On 2/5/2017 6:31 PM, Bob Camp wrote:
> Aging can be caused by many things. Stress on the blank (and can and leads and plating and …) is one
> source. There are good reasons to believe that quartz vs metal stress can take > 1 month to settle out
> to the 90% level. Particle (think borders down to atoms) equilibrium inside the can is another source.
> Adsorption / desorption rates on many of the likely candidates also run out into the > 1 month range.
> More or less — you can adsorb stuff in a few seconds that takes many weeks to desorb. Yes this is
> only the start of a very long list ….
> How long an interruption to stir things up? Does the oven go to full power after your interruption? If it
> does, things are likely to get tossed around and aging (or retrace or warmup or whatever you want to
> call it) is going to get going.
> Pile on top of this the fact that crystals are not the only thing that does aging like things. Capacitors
> have a fun characteristic known as dielectric absorption. Some (tantalums) have leakage that drops
> a LOT with time spent at temperature and voltage. Either way, bump the voltage and things move around
> for a while. Use the wrong caps and it can be quite a while.

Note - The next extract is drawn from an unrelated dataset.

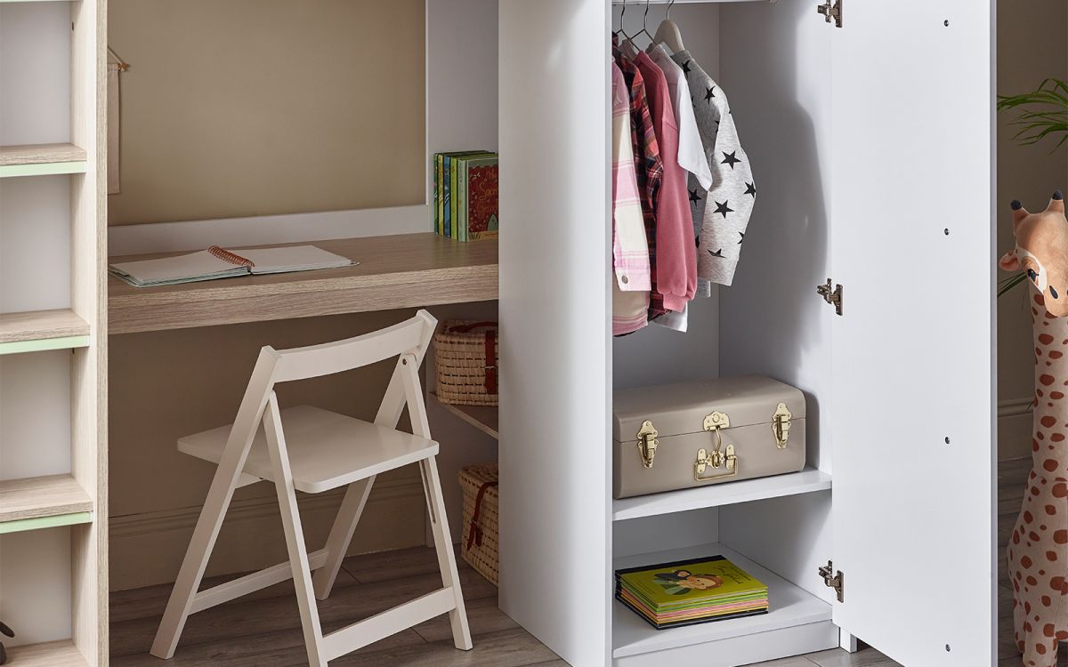 - Features a desk, three pull-out storage drawers, a one-door wardrobe, and built-in shelving units

> Next layer is keeping the OCXO at the same temperature. When a “normal” OCXO is sitting there on
> the bench, it’s in it’s own very specific temperate zone. Convection (and maybe other things) have acted
> over quite a while to set up that zone. Touch it / bump it / move it / blow on it …. you will change the
> temperature. Most likely you will change the gradient across the package. Rick wrote some papers
> back in the 90’s about why this really messes things up…. ( Again this is the start of a very long list …).
> It’s even longer if you have DAC’s and voltage references external to the OCXO.
> So yes, you can get aging a lot of ways. Knowing what is and what is not aging can get a bit complicated.
>> On Feb 5, 2017, at 3:11 PM, John Ackermann N8UR <jra at febo.com> wrote:
>> We know of OCXO that have been continuously running for years and have exceptional aging, supposedly as a result.
>> What does it take to interrupt that? A momentary loss of power? The oven cooling down? Some long period of off-time? Or, once the oscillator has baked in will it return to that low aging once it has been powered up and thermally stabilized?